Top of DATA EXTRACT
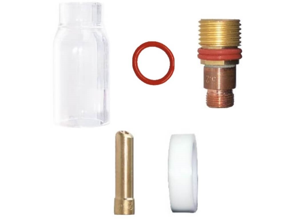 Sada sklenená hubica so sitkom úzka na TIG horák 17/18/26 priemer 1,6 mm ideálna pri zváraní v ťažko viditeľných a dostupných miestach.
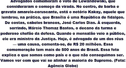 O ano terminou com fenômeno inédito na história da República: mais gente é capaz de recitar de cor a escalação do Supremo Tribunal Federal do que a do ministério. Pode-se mesmo suspeitar que muitos seriam mais capazes de recitar a escalação do Supremo do que a da seleção brasileira, se seleção escalada houvesse.
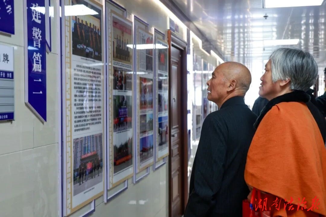 座谈会后,组织老干部参观“隆回公安警史文化长廊”,让老干部们沉浸式重温峥嵘岁月,深切感受隆回公安的发展变迁。黑白的老照片、身着旧式警服的身影、发黄的集体照、旧时的警务装备......瞬间勾起老干部们的回忆。当看到近年来公安信息化建设、智慧警务装备的展示板块时,老干部们频频点头,为如今隆回公安的发展速度与科技实力点赞。一路走、一路看,熟悉的场景与崭新的变化交织,老干部们不时互相交流,眼中满是欣慰与自豪。
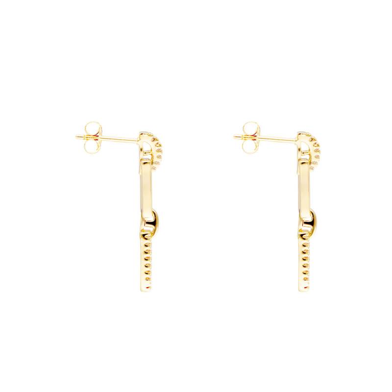 Ces boucles d'oreilles pendantes Sully sont des symphonies de lumière et d'éclat, sculptées dans un Plaqué Or de haute qualité, d'une épaisseur de 3 microns. Leur teinte jaune rappelle les premiers rayons du soleil, capturés pour briller sans relâche. Les oxydes de zirconium subtils, dansent à chaque mouvement, révélant leur splendeur cachée. Polies pour un éclat incomparable, ces boucles d'oreilles de 20,00 mm de longueur, avec leur système de fermoir poussettes papillon, murmurent la promesse d'une élégance éternelle.
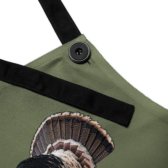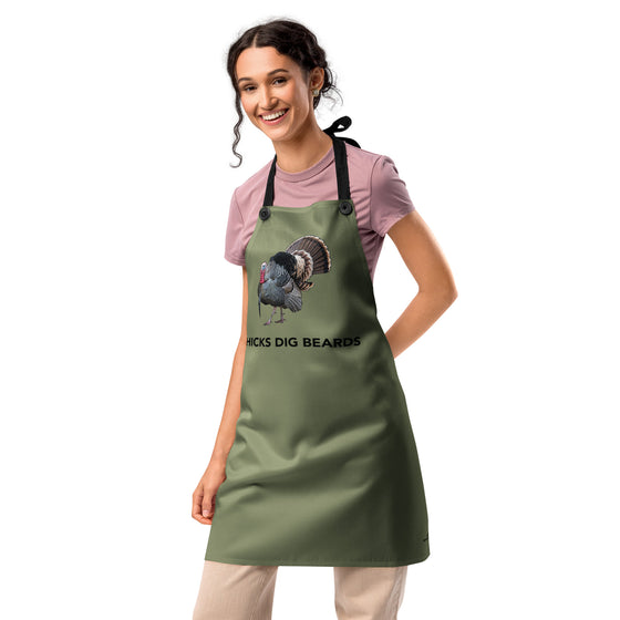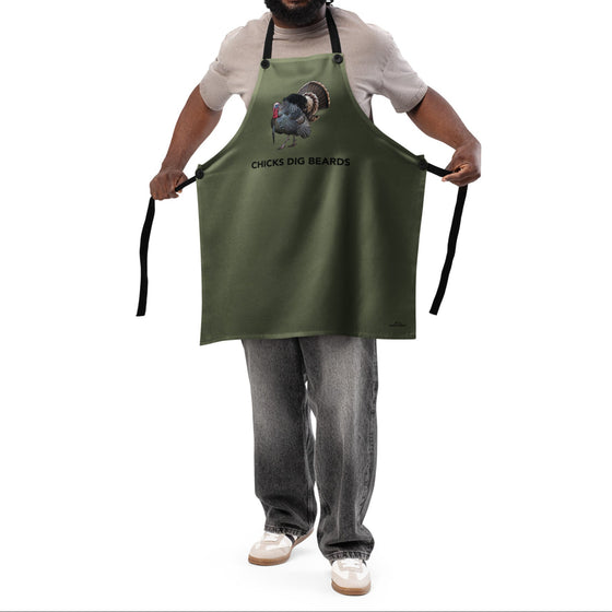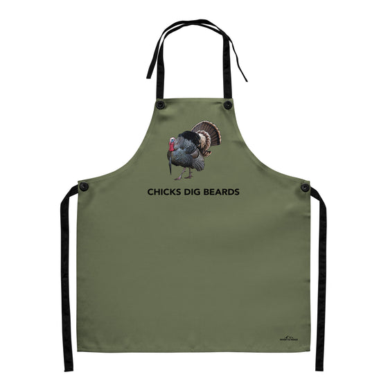 Cooking just got a whole lot cooler. This custom made apron features a clean front, button-adjustable straps, and durable fabric that withstands spills. Easy to wash when you unbutton the ties and throw in the washer! One size, all style—perfect for grilling, baking, or anything in between. Featuring our Chicks Dig Beards Turkey Hunting Logo in Olive Green.
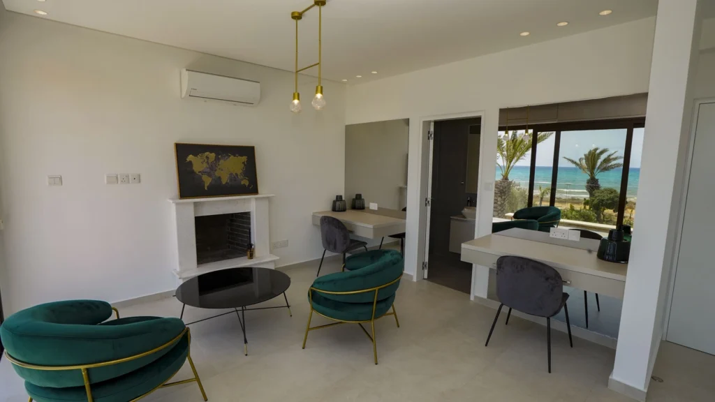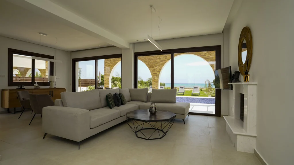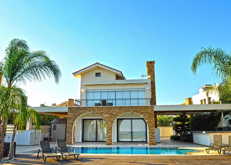 We offer for sale a beautiful villa on the first line, located in a quiet private village on the beach to the west of Agia Napa, has an extensive lush garden and sea views. The villa, thoughtfully designed taking into account traditional architecture and equipped with all modern amenities, has large internal and external living areas, bright bedrooms with sea views, as well as a private pool in the garden and a green area directly to the sea. The villa is sold fully furnished with household appliances.
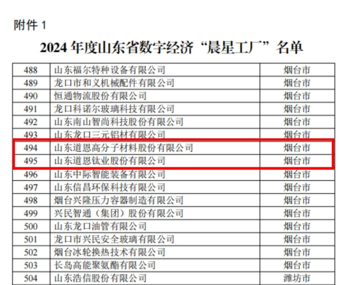 近日,山東省工信廳公布2024年度山東省數(shù)字經(jīng)濟(jì)“晨星工廠”名單,道恩股份、道恩鈦業(yè)公司雙雙名列其中。
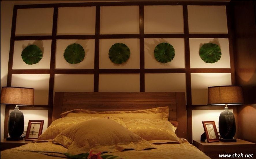 以五片荷葉為背景的背景墻嵌入周?chē)膶?shí)木格,再搭配床頭柜和臺(tái)燈,別有一番韻味。邊桌、臺(tái)燈,壁掛,都有著傳統(tǒng)的亞洲風(fēng)格特色。南亞風(fēng)情標(biāo)志性
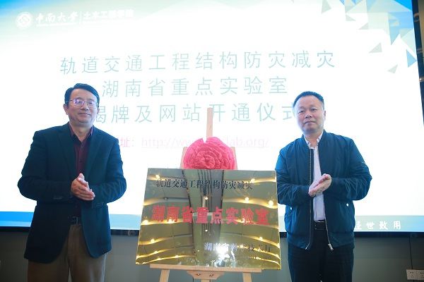 2021年4月17日上午,轨道交通工程结构防灾减灾湖南省重点实验室(Hunan Provincial Key Laboratory for Disaster Prevention and Mitigation of Rail Transit Engineering Structures)首届学术委员会第一次会议暨揭牌仪式在铁道校区世纪楼14楼会议室召开。中国工程院院士、湖南大学陈政清教授,西南交通大学副校长何川教授,国际桥梁及结构工程协会主席、同济大学葛耀君教授,湖南省科技厅基础研究处处长彭敬东,beat365在线唯一官网副校长陈春阳、科研部部长李启厚、副部长王敏,高速铁路国家工程实验室主任、beat365在线唯一官网教授余志武等实验室首届学术委员会成员、湖南省科技厅主管部门领导、校领导、学院领导、联合共建单位专家及实验室科研骨干等近50名专家学者参与了本次会议。会议由实验室学术委员会主任陈政清院士和beat365在线唯一官网科研部部长李启厚教授分阶段主持。
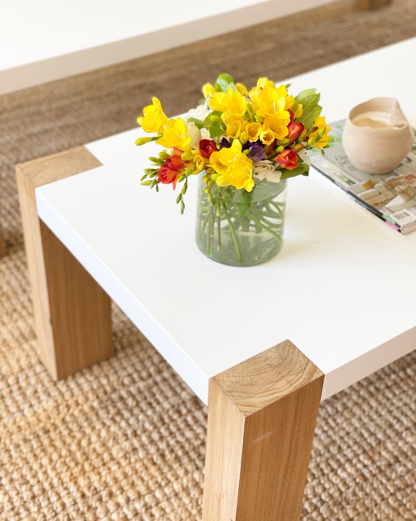 Mesa baja rectangular con tapa laqueada en color a elección y patas en madera de petiribí con encastre a la vista.
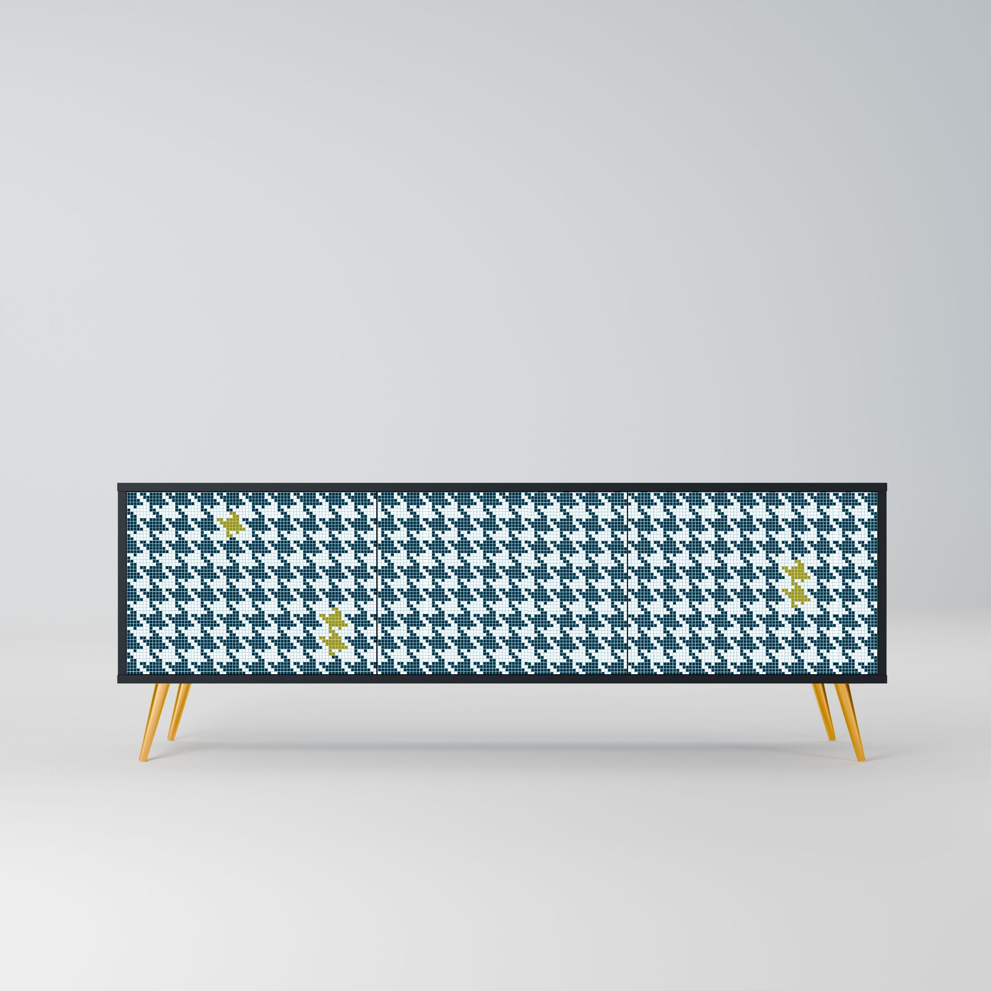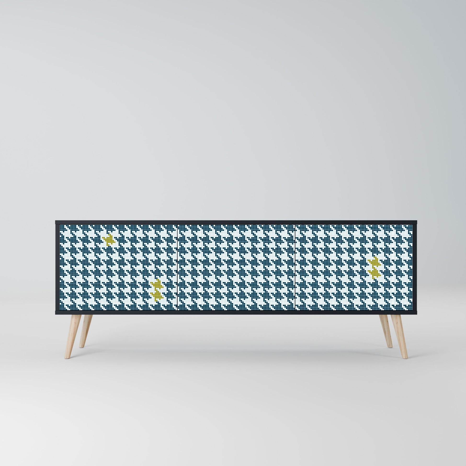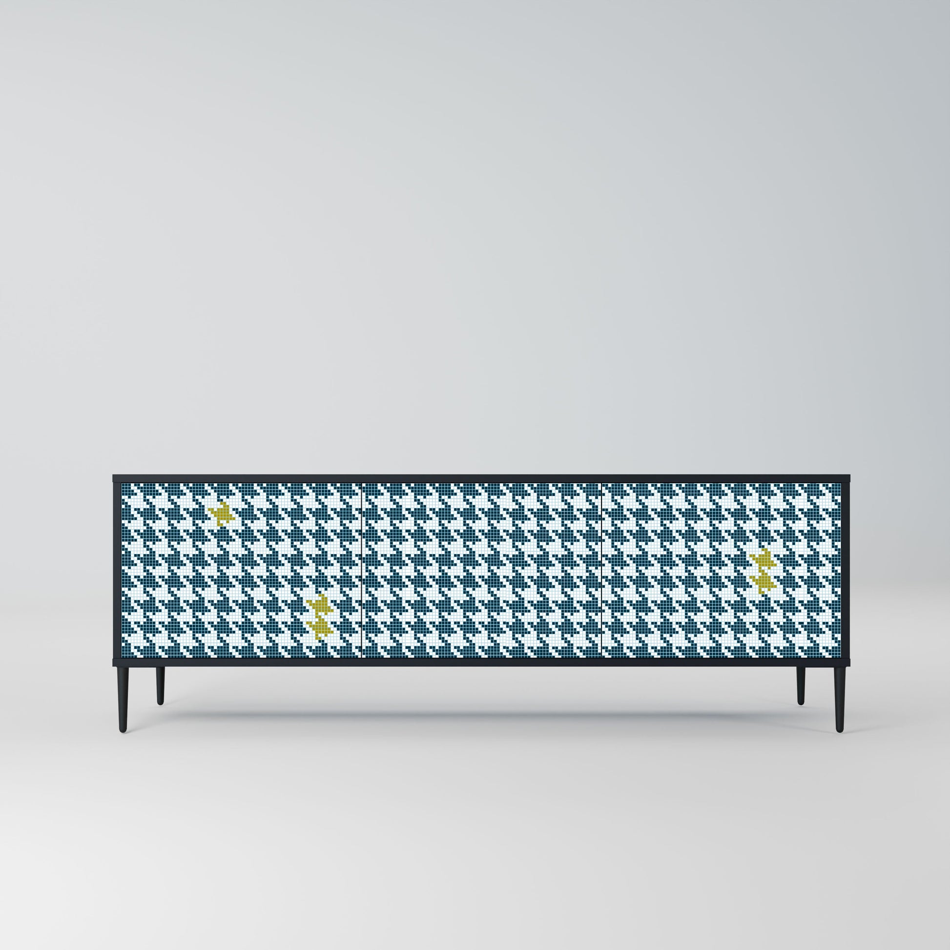 The black body of the stand creates a bold, modern accent that pairs beautifully with industrial and minimalist arrangements. The fronts with a designer print add character and uniqueness, making this piece not only practical but also a standout decorative element.
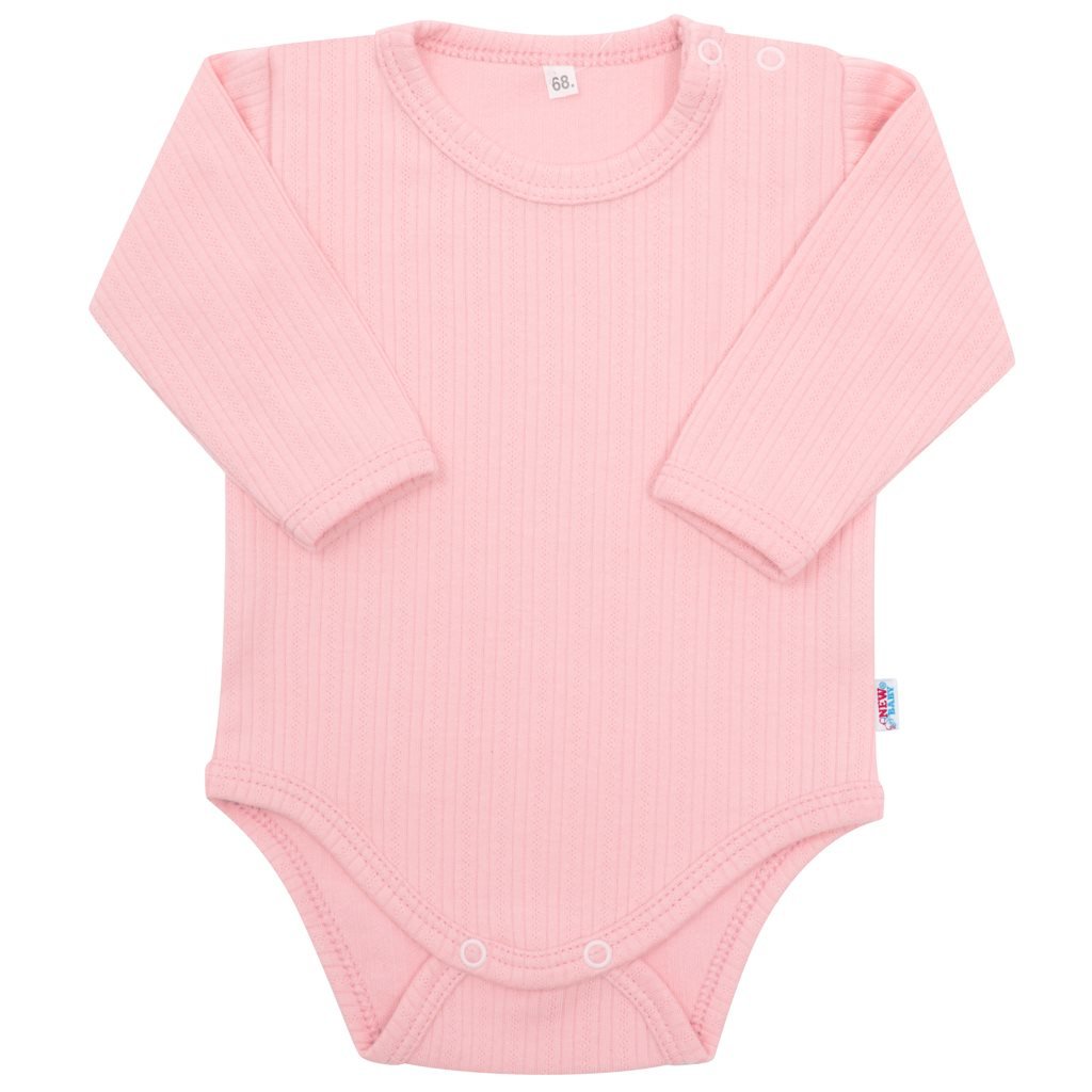 Krásné kojenecké body české značky New Baby Sweetie. Body je jednobarevné s novým atraktivním vzorem látky s proužky a ažurem. Zapíná se na cvočky na ramínku a mezi nožičkama, což usnadňuje oblékání a přebalování. Body je vyrobeno z příjemného a kvalitního materiálu, ve kterém se miminko bude cítit velmi pohodlně. Složení: 100% bavlna.
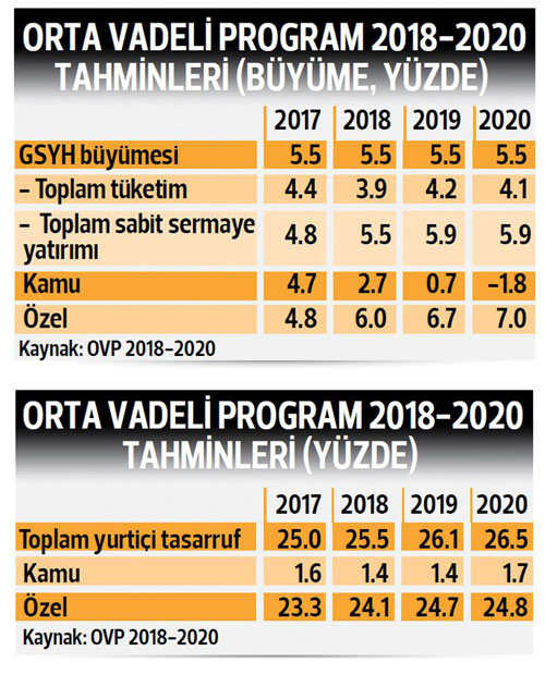 Hafta içinde açıklanan Orta Vadeli Program’ın (OVP) özü, “vatandaş ve şirketler (özel kesim) tasarruflarını artıracak, yatırım yapacak ve ekonomi üç yıl kesintisiz biçimde yüzde 5.5 büyüyecek” temennisidir.
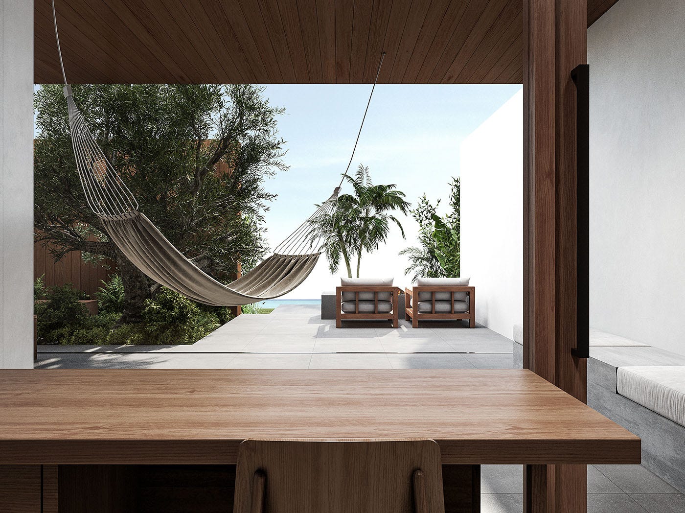 「あくまでテラスがメイン。それに対して寄り添うコテージを構成するようにデザインしたんです」と大堀が語る青島の家の魅力はやはり広がるテラス。
Bottom of DATA EXTRACT
* [DESCRIPTION OF THE TASK]: Leave the pictures out, then print every entry exactly as it reads.

* [WRITTEN RESPONSE]:
 Sada sklenená hubica so sitkom úzka na TIG horák 17/18/26 priemer 1,6 mm ideálna pri zváraní v ťažko viditeľných a dostupných miestach.
 O ano terminou com fenômeno inédito na história da República: mais gente é capaz de recitar de cor a escalação do Supremo Tribunal Federal do que a do ministério. Pode-se mesmo suspeitar que muitos seriam mais capazes de recitar a escalação do Supremo do que a da seleção brasileira, se seleção escalada houvesse.
 座谈会后,组织老干部参观“隆回公安警史文化长廊”,让老干部们沉浸式重温峥嵘岁月,深切感受隆回公安的发展变迁。黑白的老照片、身着旧式警服的身影、发黄的集体照、旧时的警务装备......瞬间勾起老干部们的回忆。当看到近年来公安信息化建设、智慧警务装备的展示板块时,老干部们频频点头,为如今隆回公安的发展速度与科技实力点赞。一路走、一路看,熟悉的场景与崭新的变化交织,老干部们不时互相交流,眼中满是欣慰与自豪。
 Ces boucles d'oreilles pendantes Sully sont des symphonies de lumière et d'éclat, sculptées dans un Plaqué Or de haute qualité, d'une épaisseur de 3 microns. Leur teinte jaune rappelle les premiers rayons du soleil, capturés pour briller sans relâche. Les oxydes de zirconium subtils, dansent à chaque mouvement, révélant leur splendeur cachée. Polies pour un éclat incomparable, ces boucles d'oreilles de 20,00 mm de longueur, avec leur système de fermoir poussettes papillon, murmurent la promesse d'une élégance éternelle.
 Cooking just got a whole lot cooler. This custom made apron features a clean front, button-adjustable straps, and durable fabric that withstands spills. Easy to wash when you unbutton the ties and throw in the washer! One size, all style—perfect for grilling, baking, or anything in between. Featuring our Chicks Dig Beards Turkey Hunting Logo in Olive Green.
 We offer for sale a beautiful villa on the first line, located in a quiet private village on the beach to the west of Agia Napa, has an extensive lush garden and sea views. The villa, thoughtfully designed taking into account traditional architecture and equipped with all modern amenities, has large internal and external living areas, bright bedrooms with sea views, as well as a private pool in the garden and a green area directly to the sea. The villa is sold fully furnished with household appliances.
 近日,山東省工信廳公布2024年度山東省數(shù)字經(jīng)濟(jì)“晨星工廠”名單,道恩股份、道恩鈦業(yè)公司雙雙名列其中。
 以五片荷葉為背景的背景墻嵌入周?chē)膶?shí)木格,再搭配床頭柜和臺(tái)燈,別有一番韻味。邊桌、臺(tái)燈,壁掛,都有著傳統(tǒng)的亞洲風(fēng)格特色。南亞風(fēng)情標(biāo)志性
 2021年4月17日上午,轨道交通工程结构防灾减灾湖南省重点实验室(Hunan Provincial Key Laboratory for Disaster Prevention and Mitigation of Rail Transit Engineering Structures)首届学术委员会第一次会议暨揭牌仪式在铁道校区世纪楼14楼会议室召开。中国工程院院士、湖南大学陈政清教授,西南交通大学副校长何川教授,国际桥梁及结构工程协会主席、同济大学葛耀君教授,湖南省科技厅基础研究处处长彭敬东,beat365在线唯一官网副校长陈春阳、科研部部长李启厚、副部长王敏,高速铁路国家工程实验室主任、beat365在线唯一官网教授余志武等实验室首届学术委员会成员、湖南省科技厅主管部门领导、校领导、学院领导、联合共建单位专家及实验室科研骨干等近50名专家学者参与了本次会议。会议由实验室学术委员会主任陈政清院士和beat365在线唯一官网科研部部长李启厚教授分阶段主持。
 Mesa baja rectangular con tapa laqueada en color a elección y patas en madera de petiribí con encastre a la vista.
 The black body of the stand creates a bold, modern accent that pairs beautifully with industrial and minimalist arrangements. The fronts with a designer print add character and uniqueness, making this piece not only practical but also a standout decorative element.
 Krásné kojenecké body české značky New Baby Sweetie. Body je jednobarevné s novým atraktivním vzorem látky s proužky a ažurem. Zapíná se na cvočky na ramínku a mezi nožičkama, což usnadňuje oblékání a přebalování. Body je vyrobeno z příjemného a kvalitního materiálu, ve kterém se miminko bude cítit velmi pohodlně. Složení: 100% bavlna.
 Hafta içinde açıklanan Orta Vadeli Program’ın (OVP) özü, “vatandaş ve şirketler (özel kesim) tasarruflarını artıracak, yatırım yapacak ve ekonomi üç yıl kesintisiz biçimde yüzde 5.5 büyüyecek” temennisidir.
 「あくまでテラスがメイン。それに対して寄り添うコテージを構成するようにデザインしたんです」と大堀が語る青島の家の魅力はやはり広がるテラス。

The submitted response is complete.